Pizzey, too, had a major health concern looming over him. He had already suffered one heart attack in office, and, though he had fully recovered, it led political commentators to hint at the importance of the selection of Pizzey’s Country Party deputy, should his health deteriorate again.
Mines and Main Roads Minister Ron Camm was the favourite. Lands Minister Alan Fletcher was also in the race. So, too, was the fifty-seven-year-old works and housing minister, Johannes Bjelke-Petersen, the peanut farmer from Kingaroy. Bjelke-Petersen won with a majority in the first ballot.
Despite having been in parliament for almost twenty-one years, little was known about Bjelke-Petersen, except that he was a God-fearing man, he flew light aircraft, and tore down scrub with the use of tractors and chains.
In the first Pizzey ministry – with Liberal Gordon Chalk as deputy premier and treasurer – Bjelke-Petersen held onto his portfolio and added another: ministerial responsibility for police.
By July, Pizzey had settled in well to the premiership and had the coalition on course for the next state election, due in May 1969. He made important trade trips to Europe and Japan.
On 31 July 1968 Pizzey suffered a second major heart attack and died close to midnight in Chermside hospit
al.
That night, the increasingly paranoid police commissioner, Frank Bischof, was attending the annual police ball at the iconic Cloudland Ballroom in Bowen Hills. Bjelke-Petersen was also present.

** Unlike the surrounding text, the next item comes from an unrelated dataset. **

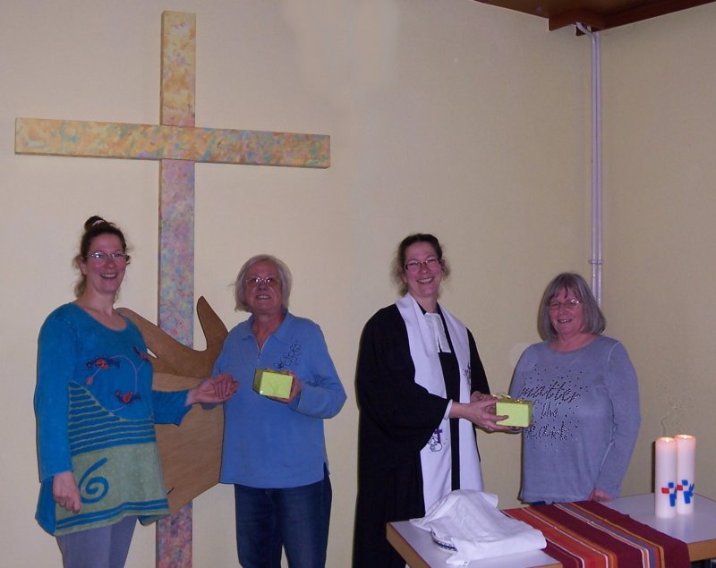 25 Jahre Ehrenamt. Für die Gemeinde. Das ist eine lange Zeit. Nach so langer Zeit hat die Gehörlosengemeinde Siegen nun ihre beiden Gemeindesprecherinnen Margit Kolodziej und Marianne Viereck verabschiedet. Schon im Januar-Gottesdienst verabschiedete Pfarrerin Plümer Marianne Viereck im Gottesdienst. Eis und Schnee hielten Margit Kolodziej damals vom weiten Weg nach Siegen ab. Deshalb holten wir jetzt im April beim österlichen Kaffee-Trinken die Verabschiedung nach. Beide erhielten ein kleines Geschenk – ein symbolischer Dank, denn die Zeit und das Engagement so vieler Jahre sind mit Geschenken gar nicht aufzuwiegen.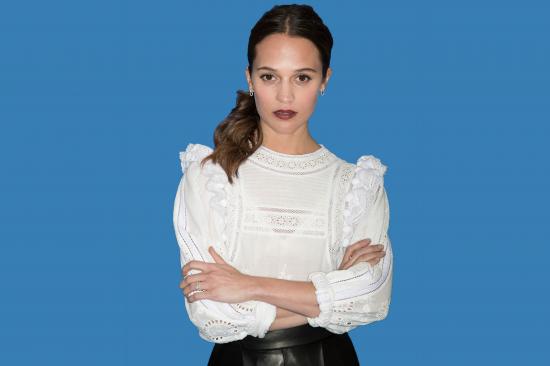 Обои Актриса Алисия Викандер в белой блузке на синем фоне

According to the Courier-Mail, as the balloons were to be released from the ceiling, the news of Pizzey’s death arrived at Cloudland.

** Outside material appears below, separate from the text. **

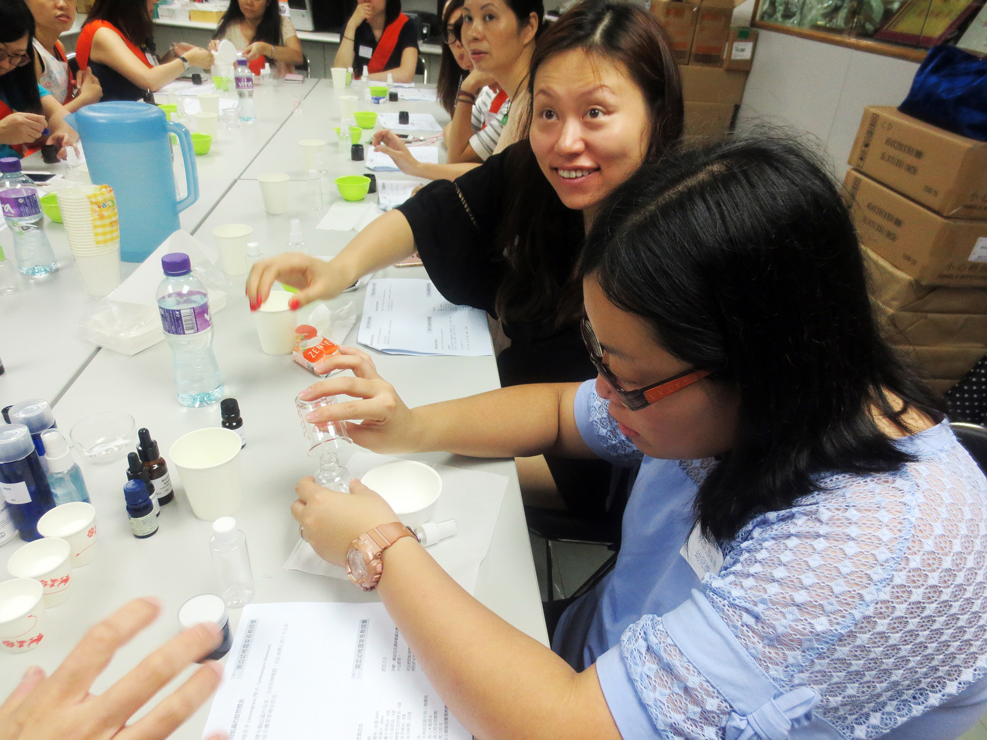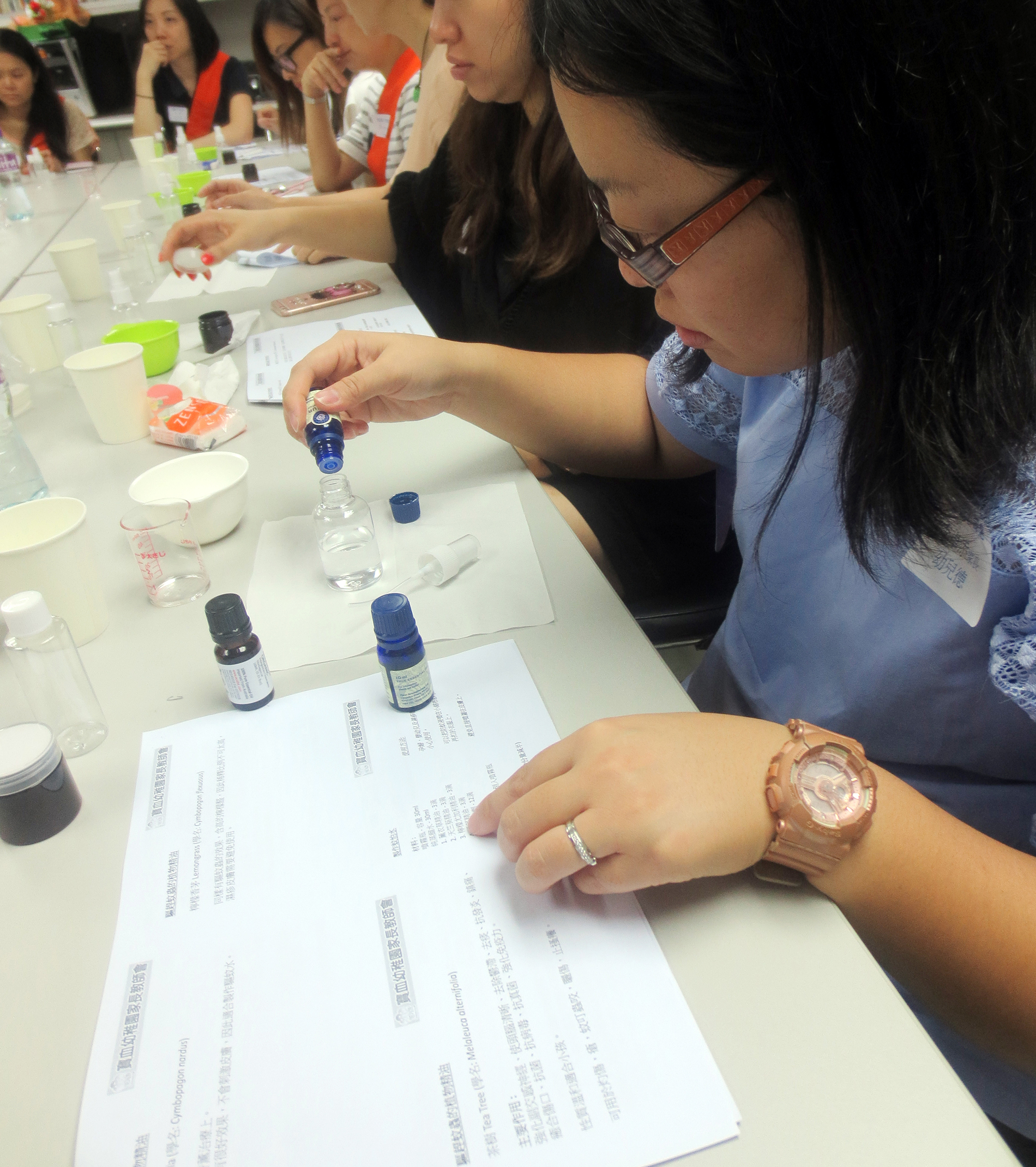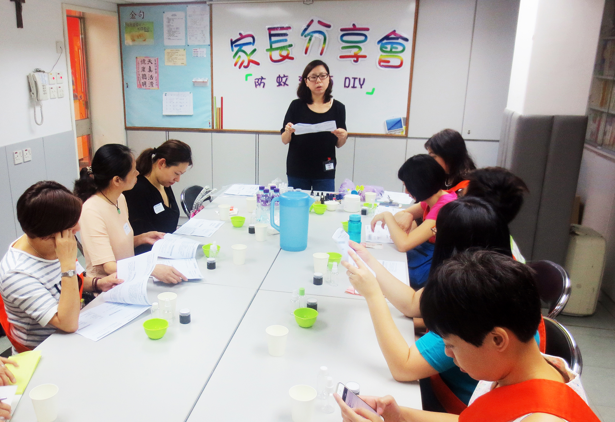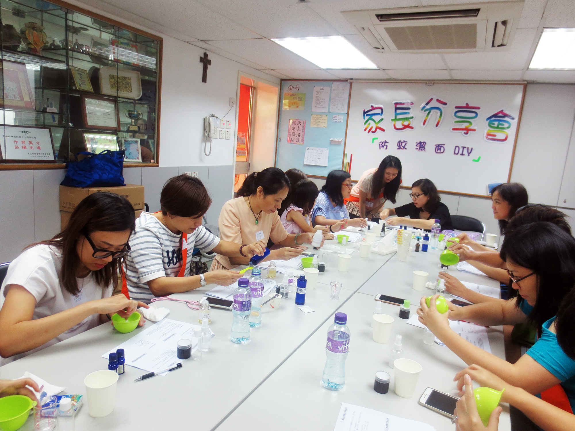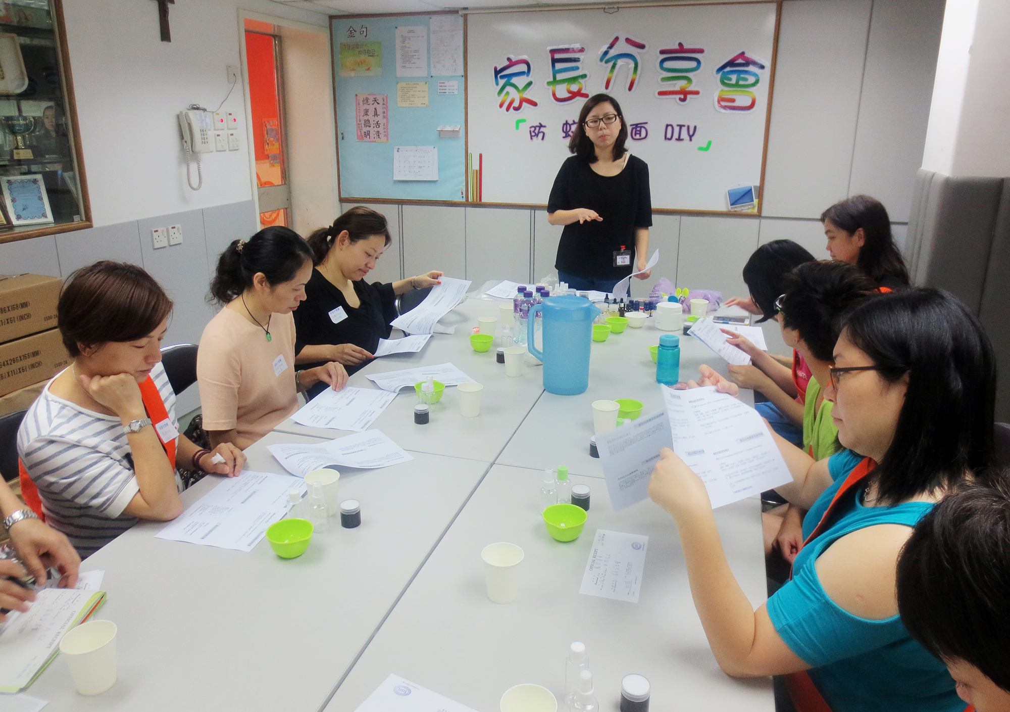 2016年6月25日(星期六)舉行了「家長分享會~(防蚊、潔面DIY)」,參加者非常踴躍,我們邀請了低班仁學生陳柏穎的媽媽-詹翠華女士教授製作防蚊及潔面用品的技巧。首先是簡短講解理論及材料份量,然後示範製作的技巧;接着各位家長便開始分工合作地動手做,過程十分順利,最後完成了製成品包括:驅蚊水、蚊膏及茶樹油薰衣草潔面啫喱。家長們感到非常實用,亦可為小朋友在夏日防蚊作好準備。這次的分享會令大家歡渡了一個愉快的上午。

‘Mr Bischof called for a minute’s silence in the memory of the former Police Minister and senior policemen stood with bowed heads,’ the newspaper reported. ‘Couples who seconds before had been dancing stood to attention in silent tribute.’

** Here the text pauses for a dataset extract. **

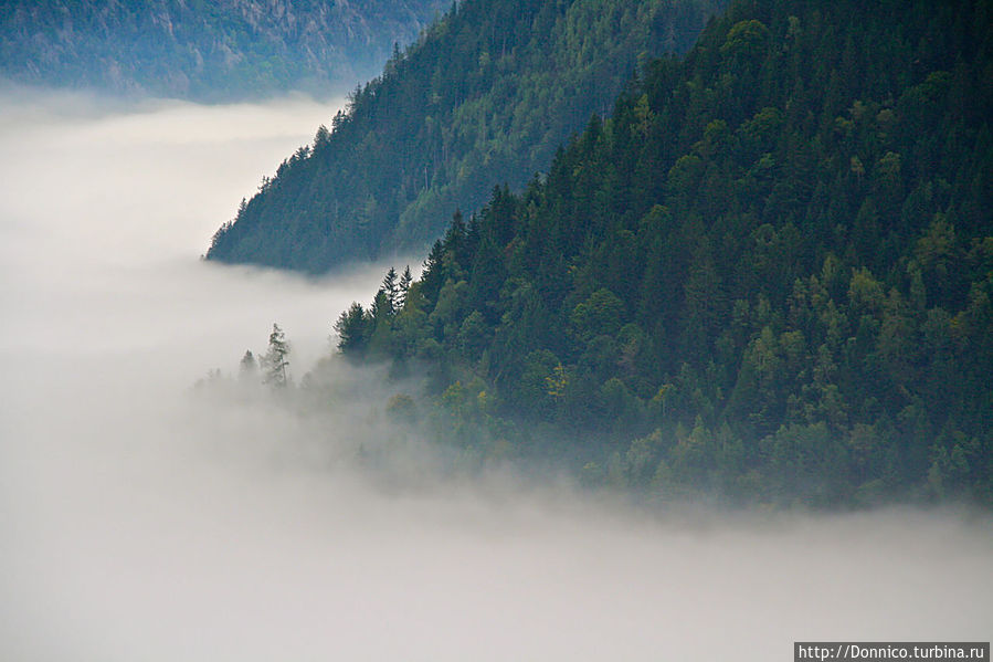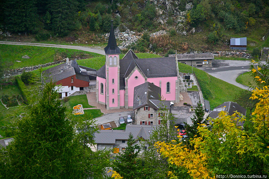 В этой пространственно-туманной дырке внизу под нами виднелась красивая долина и неожиданно розовая высокая церковь, смотрящаяся с этой точки как игрушечная.

On 1 August, Deputy Premier Gordon Chalk, a Liberal, was sworn in to the top office. His tenure would be fleeting, with the Country Party holding twenty-six seats in the Legislative Assembly, and the Liberals nineteen.
The Country Party would not hand over what it saw as its right to the premiership. On 7 August, Bjelke-Petersen was elected as leader of the government. The next day, Chalk resigned as premier – he had lasted eight days – and Bjelke-Petersen and his ministry were sworn in. Chalk, again, was relegated to deputy. The new premier also became minister for state development and he retained the police portfolio.
Queensland, historically lumbered with singular premiers for lengthy terms, had now had two in six months, and a third counting Bjelke-Petersen.
Bischof, meanwhile, had made the decision to retire. There was talk that he was shoved from the commissionership because of his ailing health and the many controversies that had dogged his reign.
The Police Acts stipulated that the police commissioner ‘continue in office during such period he is of good behaviour [a notion repeatedly questioned by Colin Bennett] and until he reaches the age of sixty-five years when he shall retire from office’.
Bischof had accumulated 240 days’ leave, despite his sporadic trysts in the Roberts brothers’ beach house on the South Coast. If he formally went on leave on 14 February 1969, and acquitted those holidays, it would take him to 14 October, two days after his sixty-fifth birthday and official retirement age. As in all things, the canny Bischof had done his maths.